- _RECORD EXCERPTS_
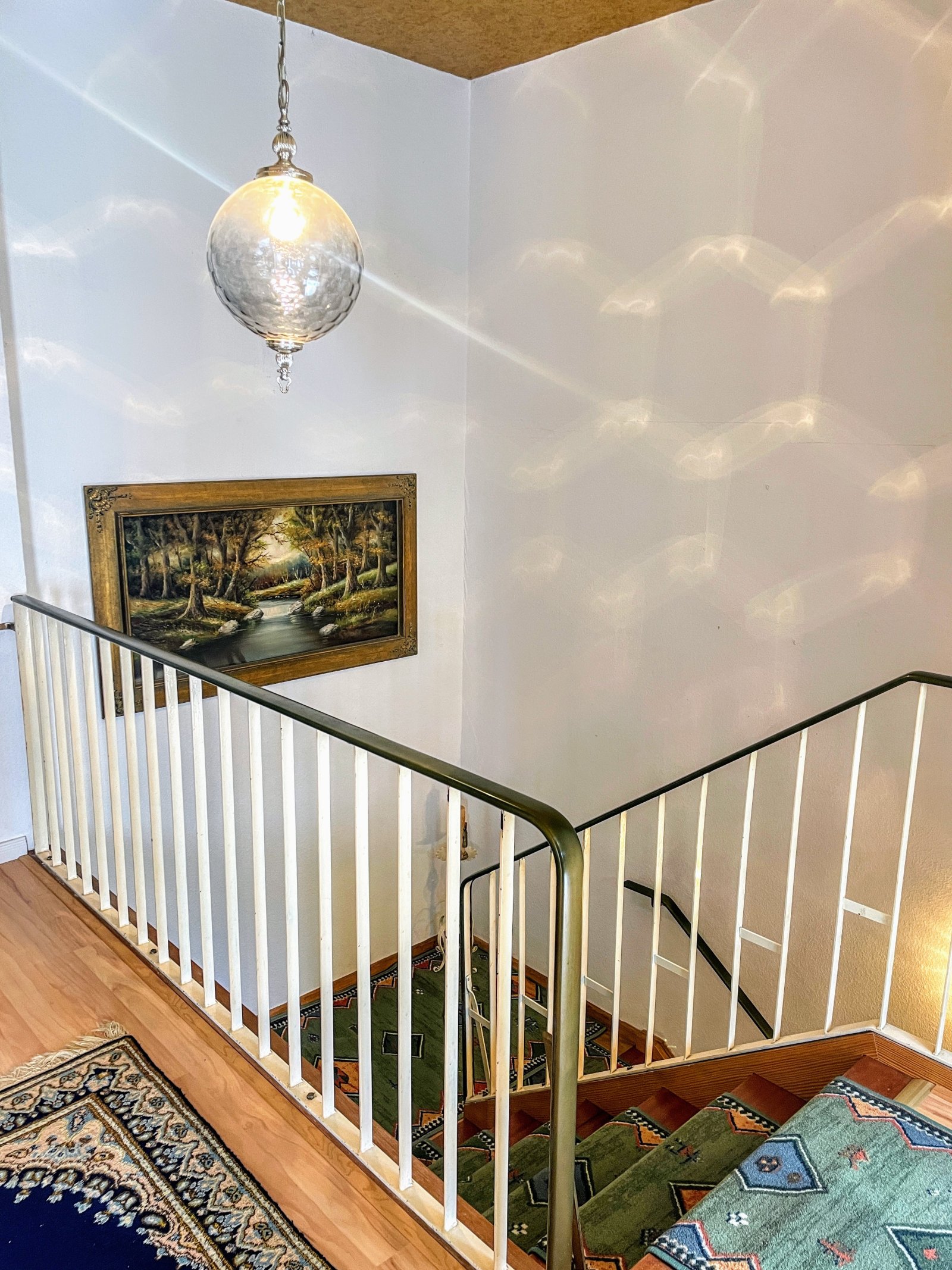 Die 1969 gebaute Immobilie verfügt ebenerdig nebst Hauseingang die Garage, Abstellfläche, Waschküche und Technik. Im 1. Obergeschoß befindet sich das große Wohn- und Esszimmer mit Südbalkon, Küche, Gäste-WC sowie Wintergarten. Das 2. OG bietet mit 3 Schlafzimmern, Balkon und Tageslichtbad eine sonnige und geräumige Schlafatmosphäre. Der Wintergarten bildet das Herzstück des Hauses. Hier kann man sich geschützt von morgens bis spät abends aufhalten. Außerdem geht man von hier aus direkt über die Außenterrasse in den großen schön angelegten Garten.
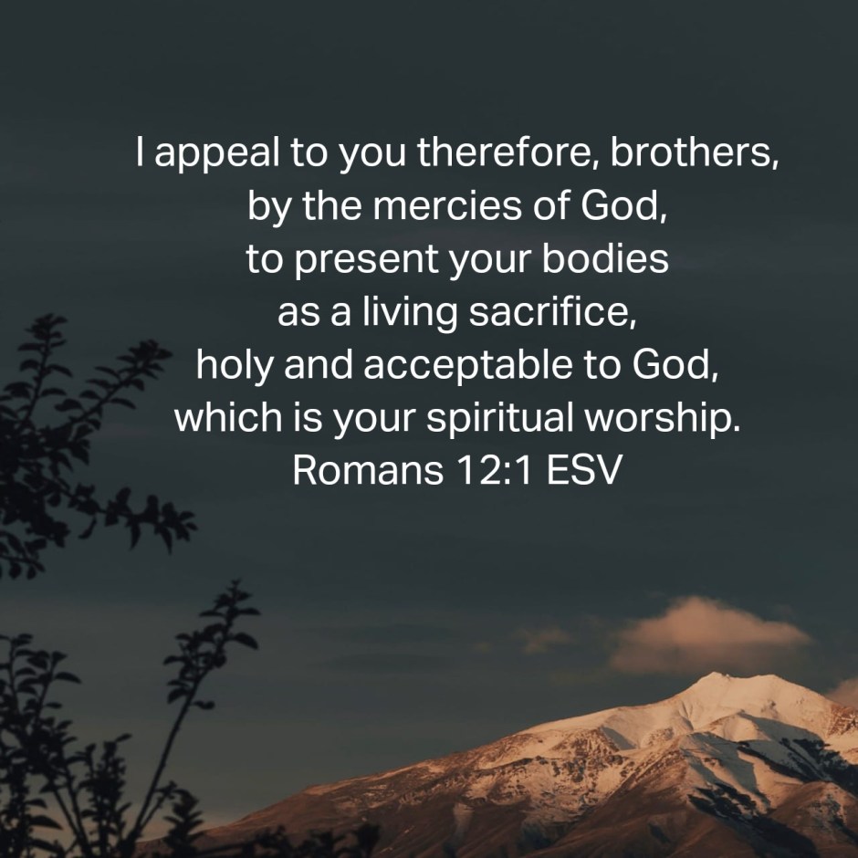 “I appeal to you therefore, brothers, by the mercies of God, to present your bodies as a living sacrifice, holy and acceptable to God, which is your spiritual worship.”
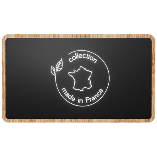 5000 mAh powerbank produsert i EU av fransk eiketre med soft touch finish. Mobilladeren har en Type-C inngang/utgang, og kan også brukes som en trådløs ladestasjon for Qi-kompatible enheter. Takket være ristefunksjonen lyser logoen i 30 sekunder når strømbanken håndteres, og logoen forblir tent når den lades. Leveres med en 3-i-1 rPET-ladekabel og er pakket i en gaveeske av resirkulert papir (16,5 x 8 x 2,7 cm), utstyrt med magnetisk lukking. Inkluderer 3-års garanti.
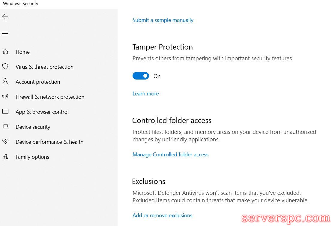 在“病毒威胁保护设置”菜单上,选择“管理设置” – 添加排除(在排除条件下)。此后,转到每个Bittorrent下载的默认位置的文件夹,然后您需要将其添加到其他项目的列表中然后保存更改。一旦您完成,请检查上述问题是否已解决。
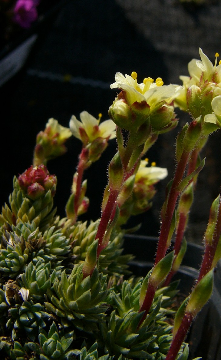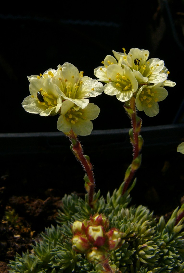 III - IV, Steingärten Hybride Saxifraga burseriana (Blüten weiß, Blätter hart) x Saxifraga sancta (Blüten goldgelb, Blätter weich) Synonyme: English
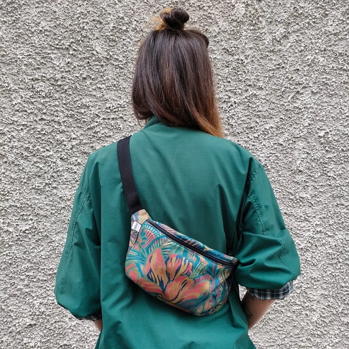 Sac banane – vert grande fleur
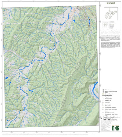 This map was produced using USGS 7.5-minute quadrangles. The maps shows locations of public lands including, but not limited to national forests, state forests, wildlife management areas, and county/city parks in the Headsville quadrangle. The map also shows West Virginia Division of Natural Reso...
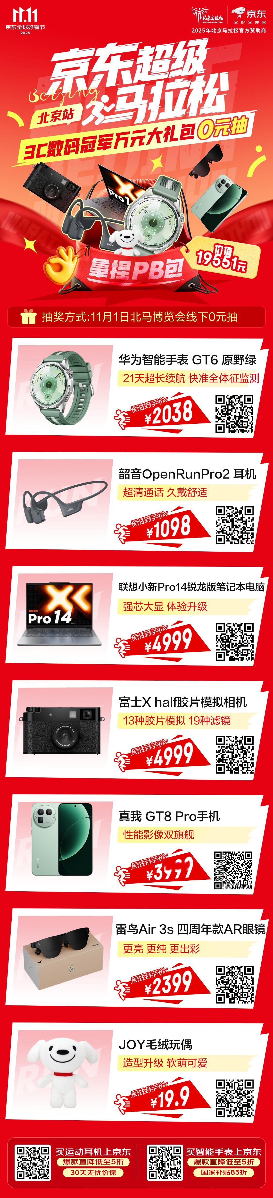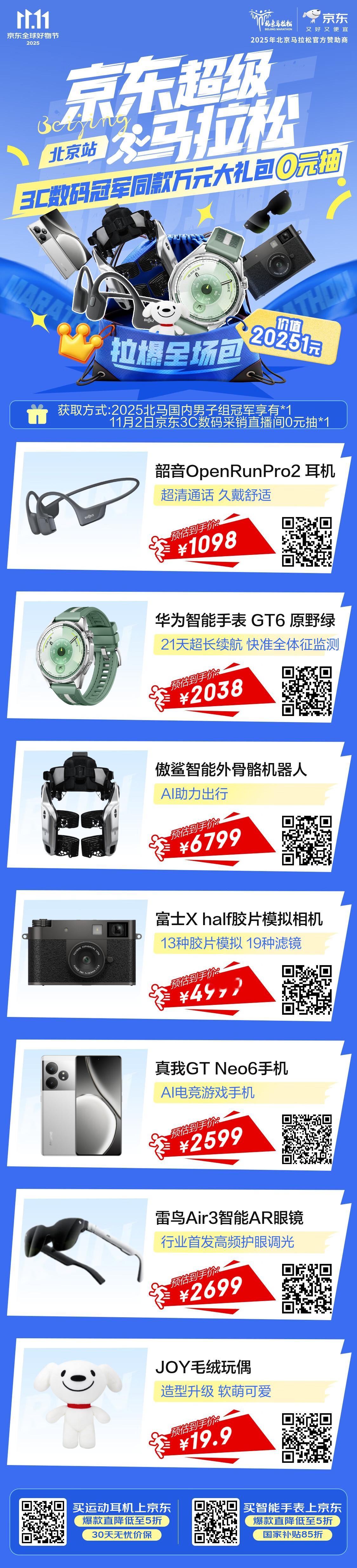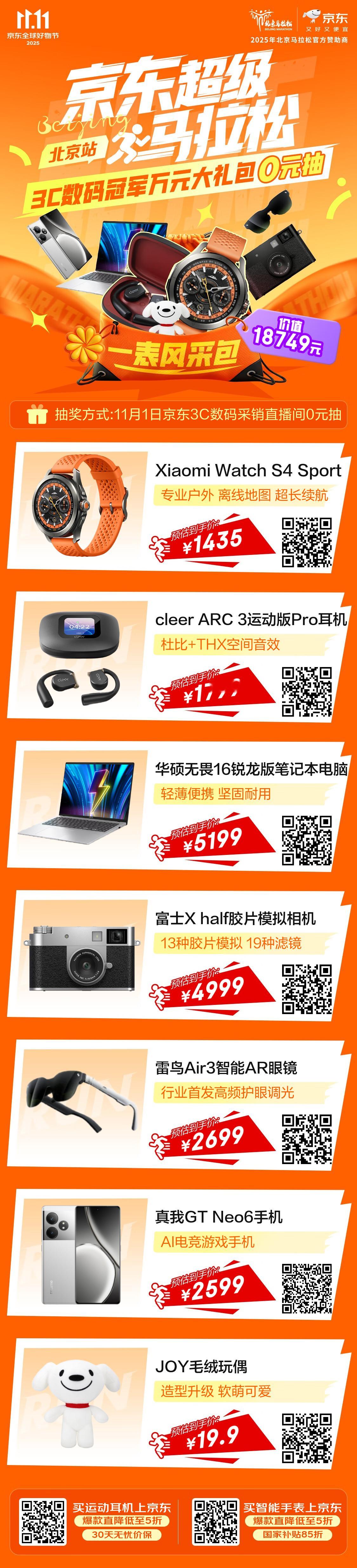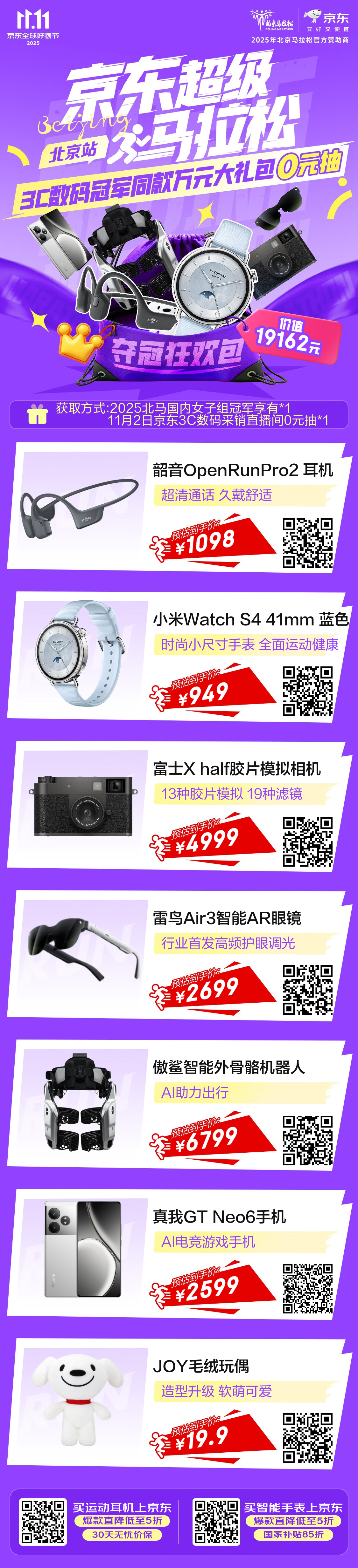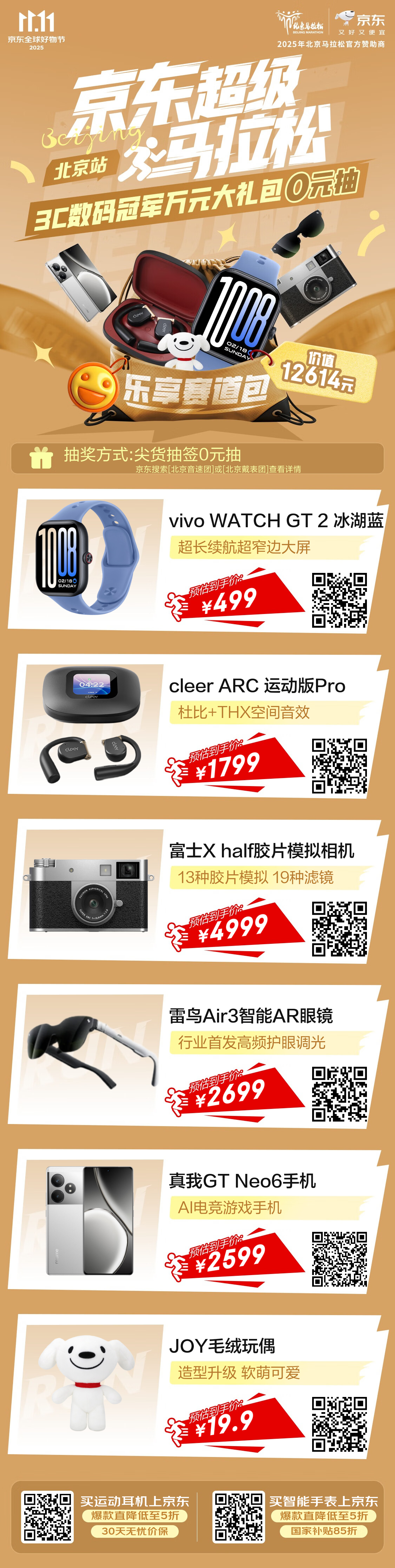 京东11.11又好又便宜 跑马拉松不是单打独斗,好装备就是最靠谱的 战友!11月 2日北京马拉松,京东 3C 数码来送福利,为你配齐 “战友”:智能手表精准测心率、记配速,帮你科学奔跑;运动耳机降噪防汗,让节奏不被打断。

- _ACTIVITY_
Copy the lines above exactly. Do not include pictures.

- _RESPONSE TO THE EXERCISE_
 Die 1969 gebaute Immobilie verfügt ebenerdig nebst Hauseingang die Garage, Abstellfläche, Waschküche und Technik. Im 1. Obergeschoß befindet sich das große Wohn- und Esszimmer mit Südbalkon, Küche, Gäste-WC sowie Wintergarten. Das 2. OG bietet mit 3 Schlafzimmern, Balkon und Tageslichtbad eine sonnige und geräumige Schlafatmosphäre. Der Wintergarten bildet das Herzstück des Hauses. Hier kann man sich geschützt von morgens bis spät abends aufhalten. Außerdem geht man von hier aus direkt über die Außenterrasse in den großen schön angelegten Garten.
 “I appeal to you therefore, brothers, by the mercies of God, to present your bodies as a living sacrifice, holy and acceptable to God, which is your spiritual worship.”
 5000 mAh powerbank produsert i EU av fransk eiketre med soft touch finish. Mobilladeren har en Type-C inngang/utgang, og kan også brukes som en trådløs ladestasjon for Qi-kompatible enheter. Takket være ristefunksjonen lyser logoen i 30 sekunder når strømbanken håndteres, og logoen forblir tent når den lades. Leveres med en 3-i-1 rPET-ladekabel og er pakket i en gaveeske av resirkulert papir (16,5 x 8 x 2,7 cm), utstyrt med magnetisk lukking. Inkluderer 3-års garanti.
 在“病毒威胁保护设置”菜单上,选择“管理设置” – 添加排除(在排除条件下)。此后,转到每个Bittorrent下载的默认位置的文件夹,然后您需要将其添加到其他项目的列表中然后保存更改。一旦您完成,请检查上述问题是否已解决。
 III - IV, Steingärten Hybride Saxifraga burseriana (Blüten weiß, Blätter hart) x Saxifraga sancta (Blüten goldgelb, Blätter weich) Synonyme: English
 Sac banane – vert grande fleur
 This map was produced using USGS 7.5-minute quadrangles. The maps shows locations of public lands including, but not limited to national forests, state forests, wildlife management areas, and county/city parks in the Headsville quadrangle. The map also shows West Virginia Division of Natural Reso...
 京东11.11又好又便宜 跑马拉松不是单打独斗,好装备就是最靠谱的 战友!11月 2日北京马拉松,京东 3C 数码来送福利,为你配齐 “战友”:智能手表精准测心率、记配速,帮你科学奔跑;运动耳机降噪防汗,让节奏不被打断。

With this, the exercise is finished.